Not quite as good as the price Rocky found though.


----------



## TonyP (Aug 18, 2012)

Five years is a long time in the life of a typical wine maker and 1,000 bottles is a lot of wine. It's good you're going out five years because drinking all that wine in 3 months would give you a buzz.

Seriously, 1,000 is a lot of corks and probably enough that you should consider buying directly from a manufacturer or distributor, particularly if producing 1,000 bottles is an annual occurrence. One possibility is Cork Supply USA: http://www.corksupply.com/our-company/company-profile.aspx .

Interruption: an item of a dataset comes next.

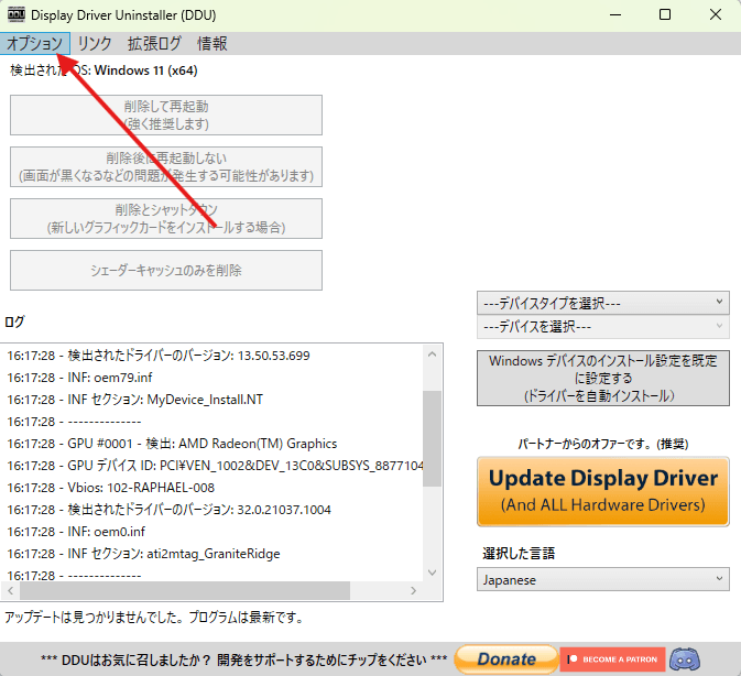 - アップデートで問題が起きたときは「AMD Cleanup Utility」か「DDU」

I'm not an expert on corks and you probably know this already, but I'll say it anyway. All corks are not equal. When comparing prices, look at both size and quality. A longer cork adds extra protection, so there's some tradeoff you can do by getting a longer cork of somewhat less quality. Finally, if you go synthetic I believe you can store your bottles upright, which could make a difference with 1,000 bottles.

Tony P.


----------



## Brew and Wine Supply (Aug 18, 2012)

Not sure about getting corks form someplace that has a "legal disclaimer" in their description. The use of hydrogen peroxide to sanitise is another red flag, is peroxide good for wine making?
Here is some info on using Hydrogen peroxide in wine. 

http://en.allexperts.com/q/Wine-1615/2010/5/Hydrogen-Peroxide.htm
BTW, a hectoliter (HTL) is 26.3 gallons. the formula in the link comes out to .6 ML per gallon if using household 3%.

My 1000 count bags come purged with SO2, we know that is safe for wine.

Not sure about going wholesale for 1000 corks, I get them in 6000 to 10000 at a time, not sure if they even would deal with me for that small ammount. 1000 sounds like a lot for a home wine maker but for winerys they buy them in 100,000 at a time or more. I just helped a SMALL local winery get 7 pallets of bottles which is just over 10,000 count.
BTW Rod, thanks for the order!


----------



## Runningwolf (Aug 18, 2012)

I agree with Doug. I also buy 1000 corks at a time and store them in my corkidor. Mine comes branded with my personal logo on them. A few other folks here get those also. When I run out of corks I know I hit the limit for that year.


----------



## Grancru (Aug 18, 2012)

Thanks for all the options.
FYI - I did find this article about peroxide and wine:
http://www.awri.com.au/wp-content/uploads/TN06.pdf


----------



## TonyP (Aug 18, 2012)

Just out of curiosity, what do non-commercial wine makers do with 1,000 bottles of wine a year? I can see drinking a bottle a day, but that still leaves 600-700 bottles a year.

Tony P.


----------



## Runningwolf (Aug 18, 2012)

TonyP said:


> Just out of curiosity, what do non-commercial wine makers do with 1,000 bottles of wine a year?
> 
> Tony P.


 Empty them, clean bottle and refill!  You asked!
The more racks you make the more wine you need to make and the more wine you make the more racks you need. It's an unending obsession. Honestly, to me it's more about making good wine and giving it away then it is about drinking. For instance the other night I sold my truck, the buyer left with 6 bottles of wine.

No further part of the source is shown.